> WORK TO BE COMPLETED
Apart from the pictures, every line below needs to be reproduced verbatim.

(RECORDED DATA Opens)

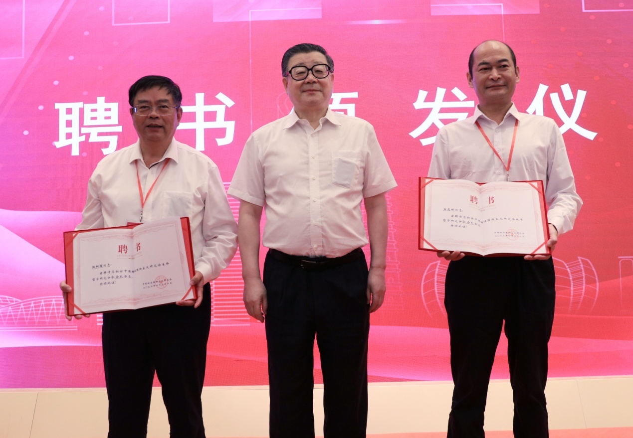 王伟光会长为两位分会会长庄友刚、陆树程颁发聘任证书并合影留念。
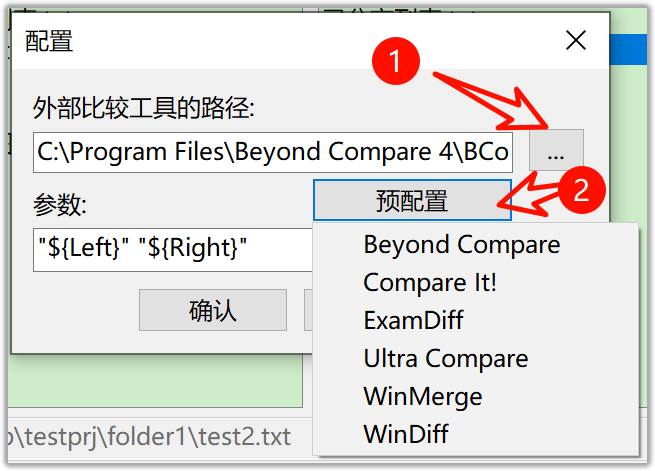为了方便用户配置外部比较工具,EverEdit预置了几种流行的文件比较工具调用参数。 -
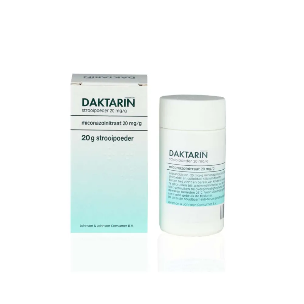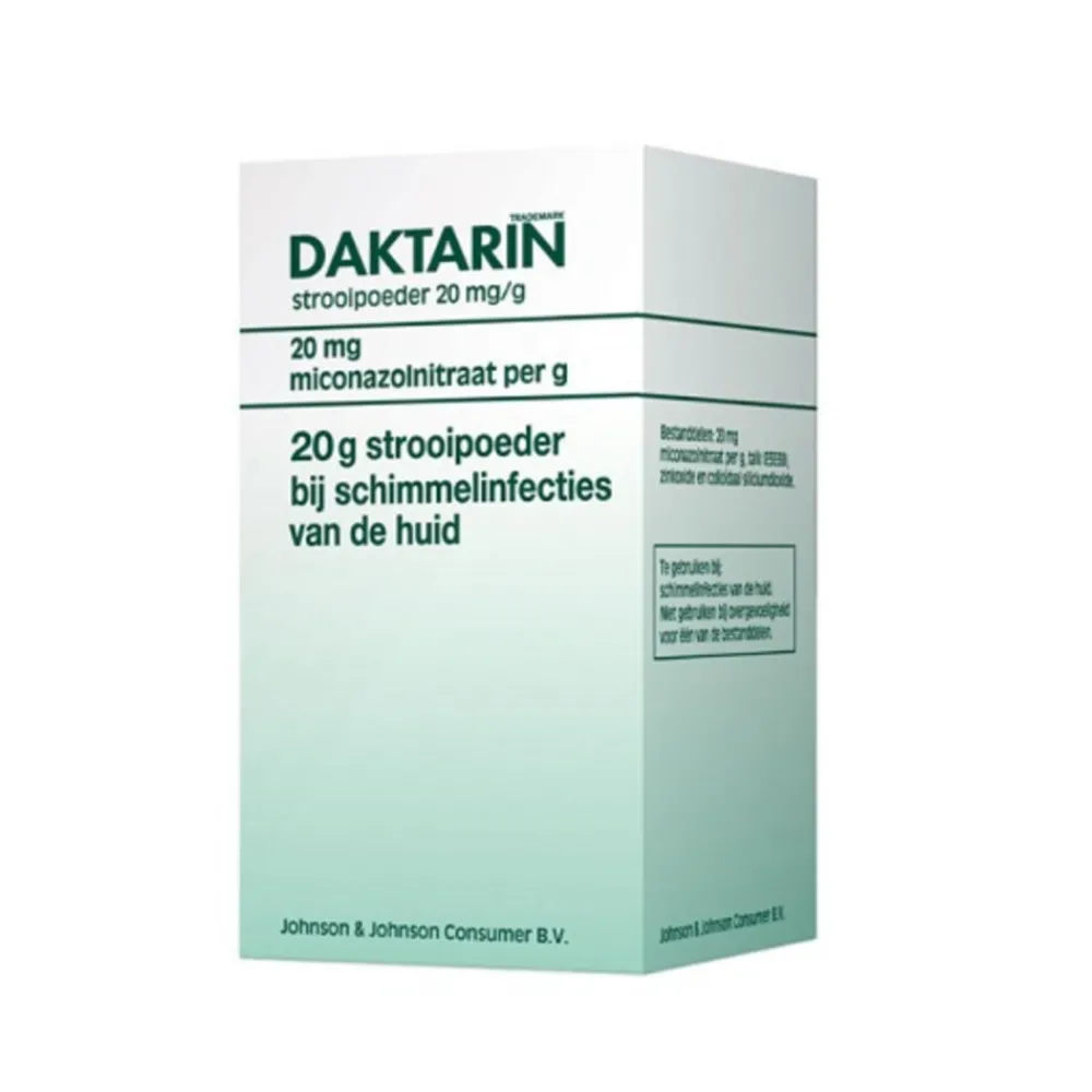 Daktarin-strooipoeder wordt gebruikt bij een schimmelinfectie van de huid. Dactarin Strooipoeder is bedoeld om te gebruiken naast Daktarin Crème, Daktarin Nagellak of een andere vorm van behandeling. Daktarin-strooipoeder wordt enerzijds gebruikt als nabehandeling van bijvoorbeeld kloven en anderzijds om sokken, kousen en schoenen te ontsmetten als je een schimmelinfectie aan de voet hebt. De werkzame stof van Daktarine Strooipoeder is het schimmeldodende middel miconazolenitraat.
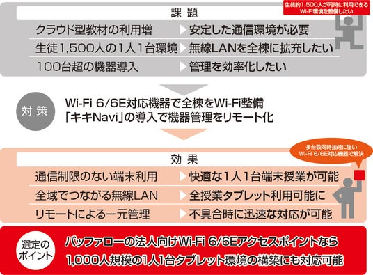 メルコホールディングス(東・名 6676)グループの株式会社バッファロー(本社:愛知県名古屋市、代表取締役社長:牧 寛之)の法人向けWi-Fi 6Eアクセスポイント「WAPM-AXETR」をはじめとするネットワーク関連機器4種が、学校法人 宮崎日本大学学園 宮崎日本大学中学校・高等学校(以下、宮崎日大学園中学校・高等学校)にて採用されたことを発表いたします。また本導入に関する事例を、当社Webページで公開いたしました。
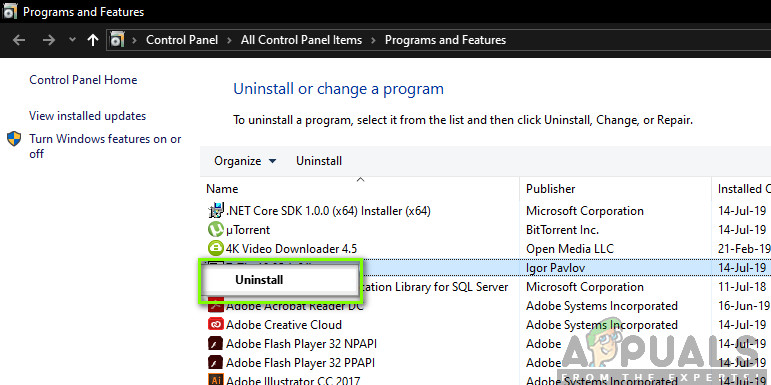 Uninstalling Problematic Software - Restart your computer after the uninstallation process and check if the problem at hand got solved.

(RECORDED DATA Closes)

> RESULT OF THIS TASK
 王伟光会长为两位分会会长庄友刚、陆树程颁发聘任证书并合影留念。
为了方便用户配置外部比较工具,EverEdit预置了几种流行的文件比较工具调用参数。 -
 Daktarin-strooipoeder wordt gebruikt bij een schimmelinfectie van de huid. Dactarin Strooipoeder is bedoeld om te gebruiken naast Daktarin Crème, Daktarin Nagellak of een andere vorm van behandeling. Daktarin-strooipoeder wordt enerzijds gebruikt als nabehandeling van bijvoorbeeld kloven en anderzijds om sokken, kousen en schoenen te ontsmetten als je een schimmelinfectie aan de voet hebt. De werkzame stof van Daktarine Strooipoeder is het schimmeldodende middel miconazolenitraat.
 メルコホールディングス(東・名 6676)グループの株式会社バッファロー(本社:愛知県名古屋市、代表取締役社長:牧 寛之)の法人向けWi-Fi 6Eアクセスポイント「WAPM-AXETR」をはじめとするネットワーク関連機器4種が、学校法人 宮崎日本大学学園 宮崎日本大学中学校・高等学校(以下、宮崎日大学園中学校・高等学校)にて採用されたことを発表いたします。また本導入に関する事例を、当社Webページで公開いたしました。
 Uninstalling Problematic Software - Restart your computer after the uninstallation process and check if the problem at hand got solved.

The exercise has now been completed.